* **EXERCISE**
With the line containing "跨境新款睫毛迷你风扇USB充电多功能户外便携大风力桌面挂脖风扇" as the start and the line containing "soporte magnético para" as the end, transcribe that span of the entries below exactly, including both.

* **RECORDS SHOWN**
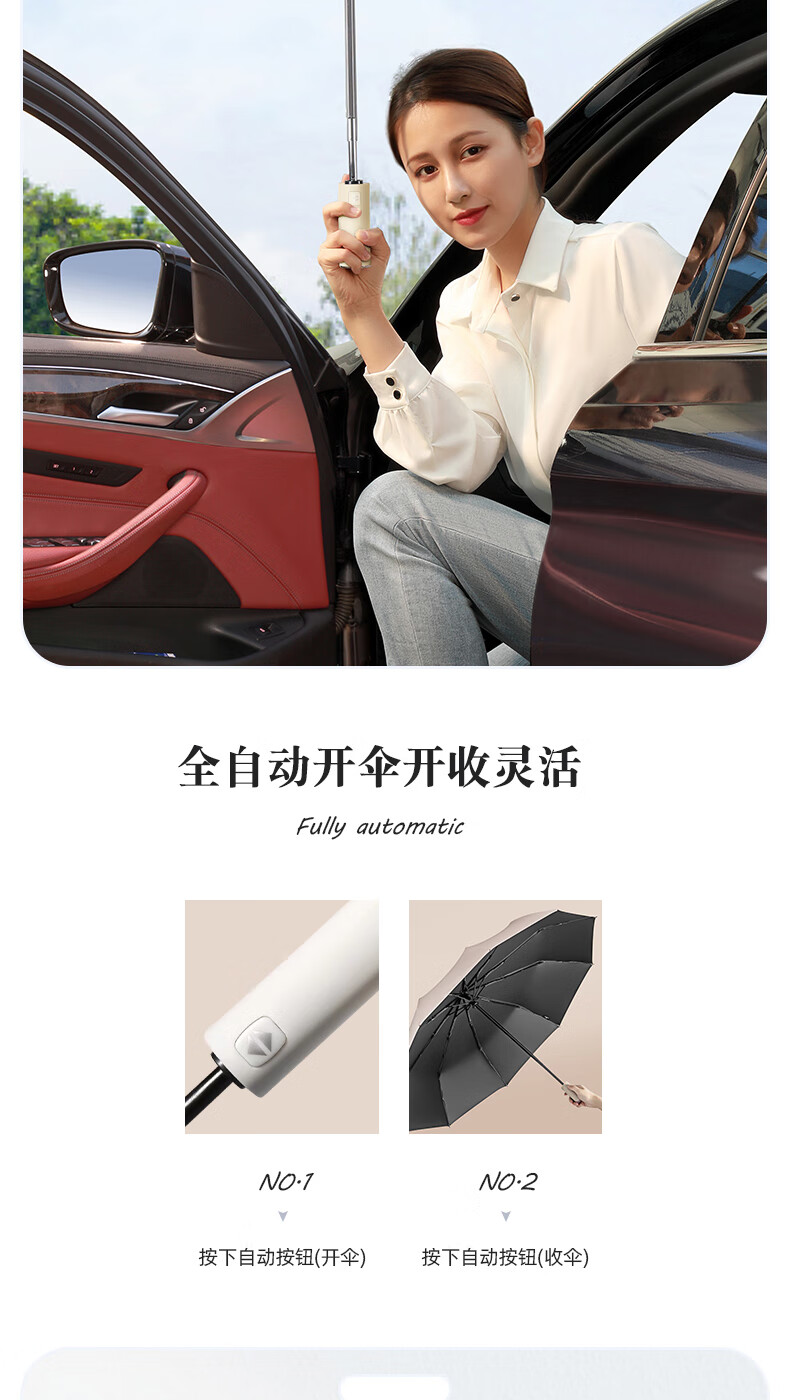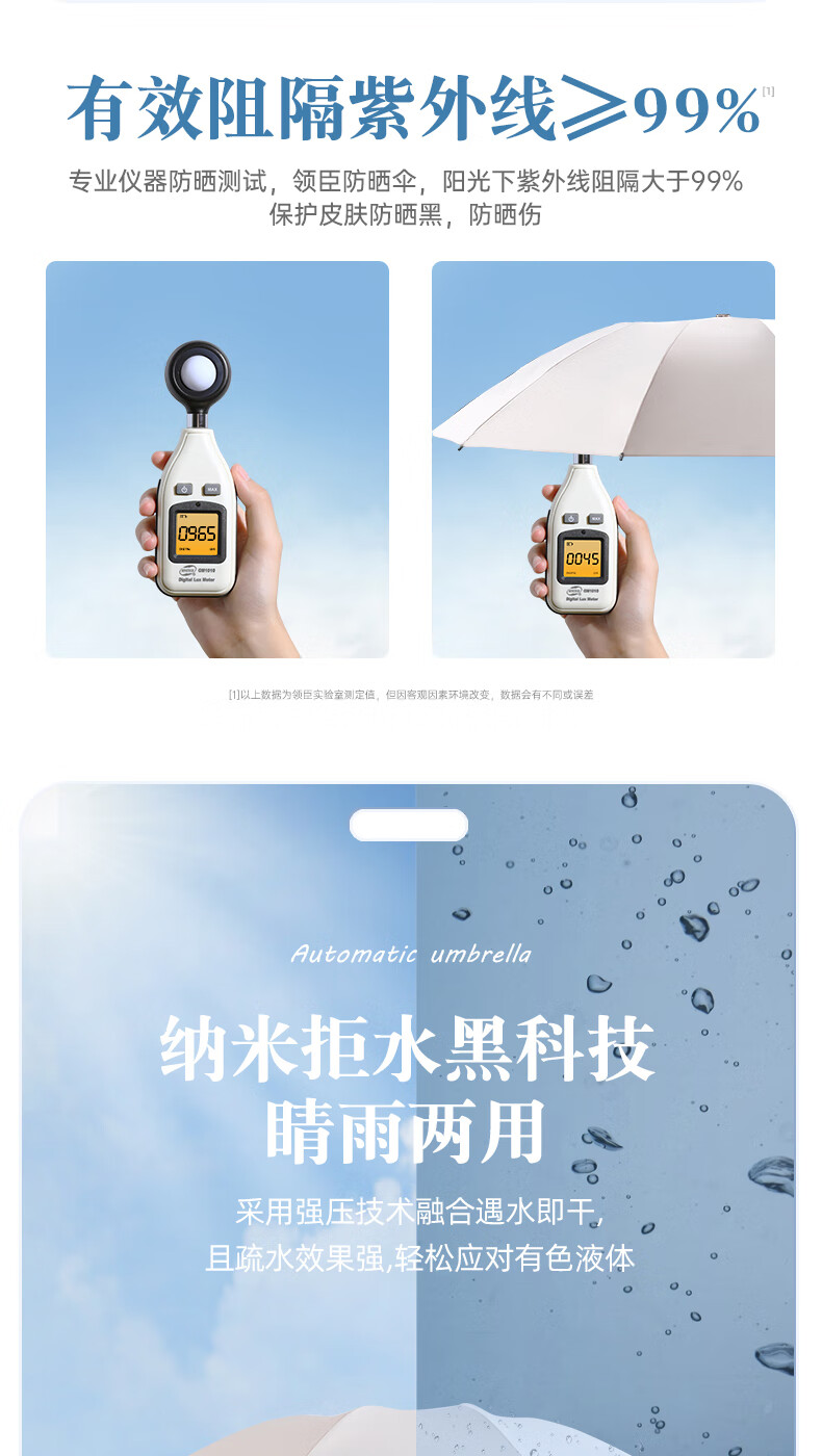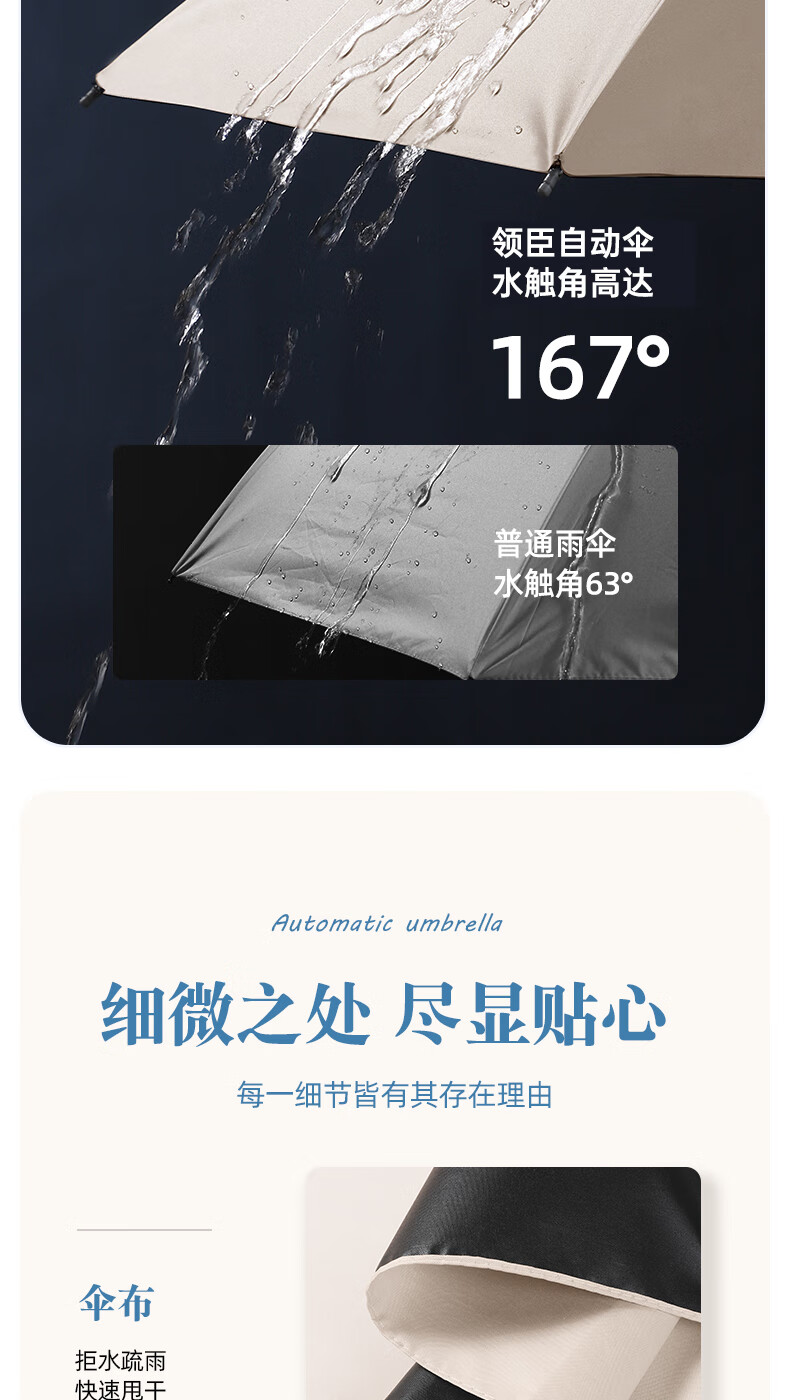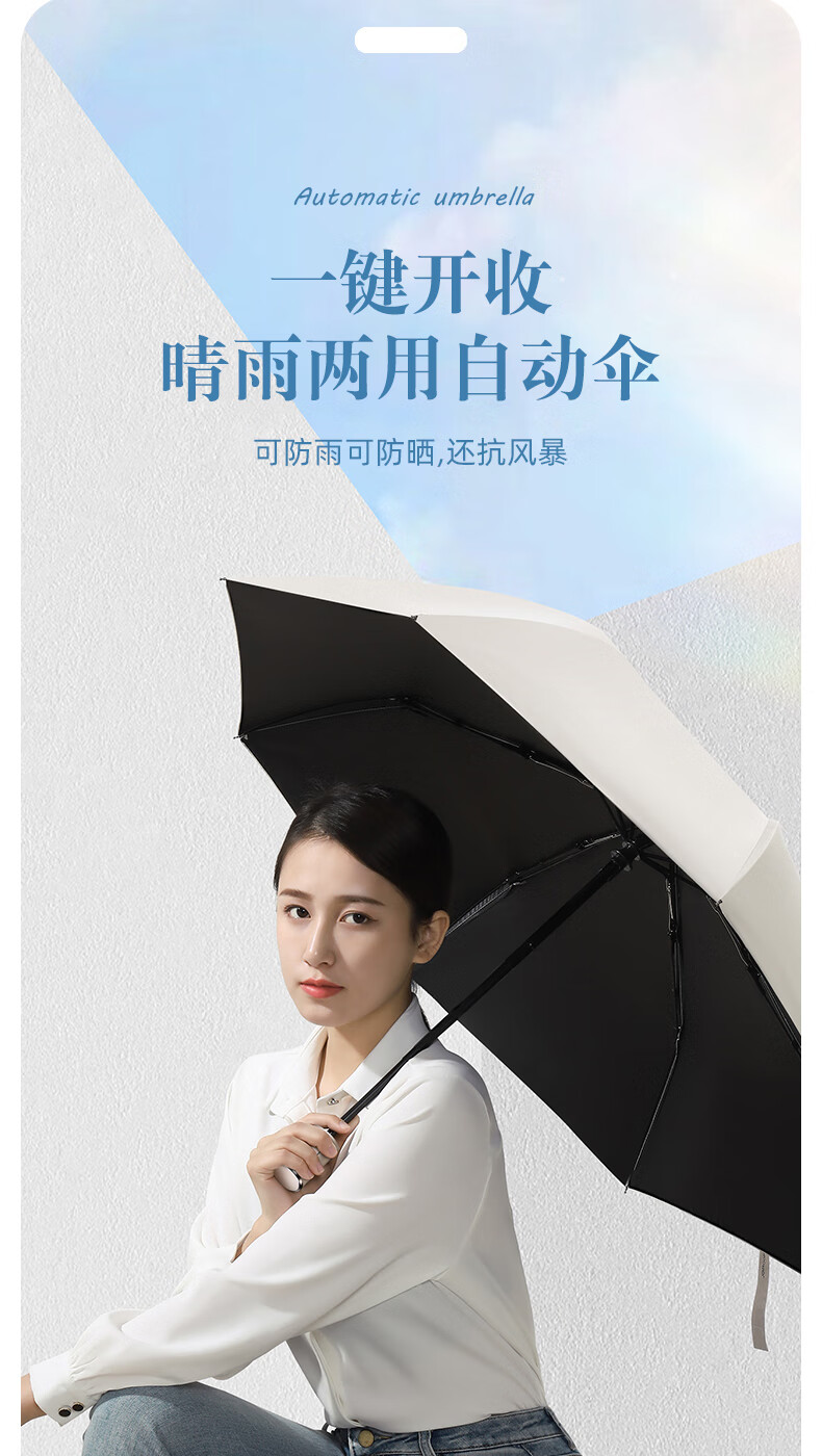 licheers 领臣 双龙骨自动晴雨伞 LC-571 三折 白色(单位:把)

--

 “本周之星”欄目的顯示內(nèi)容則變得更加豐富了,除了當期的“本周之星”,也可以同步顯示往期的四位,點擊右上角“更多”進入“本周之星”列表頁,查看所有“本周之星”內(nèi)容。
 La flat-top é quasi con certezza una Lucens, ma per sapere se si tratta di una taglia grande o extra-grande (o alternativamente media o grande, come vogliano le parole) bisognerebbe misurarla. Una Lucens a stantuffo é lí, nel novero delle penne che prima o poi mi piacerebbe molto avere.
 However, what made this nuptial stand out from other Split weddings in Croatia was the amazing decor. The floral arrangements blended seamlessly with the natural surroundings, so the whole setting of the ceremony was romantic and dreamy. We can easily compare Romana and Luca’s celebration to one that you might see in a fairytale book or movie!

---

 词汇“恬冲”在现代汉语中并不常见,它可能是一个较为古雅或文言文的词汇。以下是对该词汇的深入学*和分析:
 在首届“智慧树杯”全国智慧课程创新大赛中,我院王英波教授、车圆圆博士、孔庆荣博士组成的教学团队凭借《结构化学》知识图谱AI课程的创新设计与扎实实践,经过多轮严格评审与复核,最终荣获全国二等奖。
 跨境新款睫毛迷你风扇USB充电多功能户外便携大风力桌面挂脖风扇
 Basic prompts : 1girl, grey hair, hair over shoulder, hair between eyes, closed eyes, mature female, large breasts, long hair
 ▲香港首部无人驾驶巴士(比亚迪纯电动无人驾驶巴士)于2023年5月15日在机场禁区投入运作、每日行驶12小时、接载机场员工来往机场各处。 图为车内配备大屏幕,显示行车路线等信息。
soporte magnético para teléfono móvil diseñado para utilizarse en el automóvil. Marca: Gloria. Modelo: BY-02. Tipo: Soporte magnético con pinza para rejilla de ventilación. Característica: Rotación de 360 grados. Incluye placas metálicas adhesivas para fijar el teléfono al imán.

* **SOLUTION TO THE PROBLEM**
 跨境新款睫毛迷你风扇USB充电多功能户外便携大风力桌面挂脖风扇
 Basic prompts : 1girl, grey hair, hair over shoulder, hair between eyes, closed eyes, mature female, large breasts, long hair
 ▲香港首部无人驾驶巴士(比亚迪纯电动无人驾驶巴士)于2023年5月15日在机场禁区投入运作、每日行驶12小时、接载机场员工来往机场各处。 图为车内配备大屏幕,显示行车路线等信息。
soporte magnético para teléfono móvil diseñado para utilizarse en el automóvil. Marca: Gloria. Modelo: BY-02. Tipo: Soporte magnético con pinza para rejilla de ventilación. Característica: Rotación de 360 grados. Incluye placas metálicas adhesivas para fijar el teléfono al imán.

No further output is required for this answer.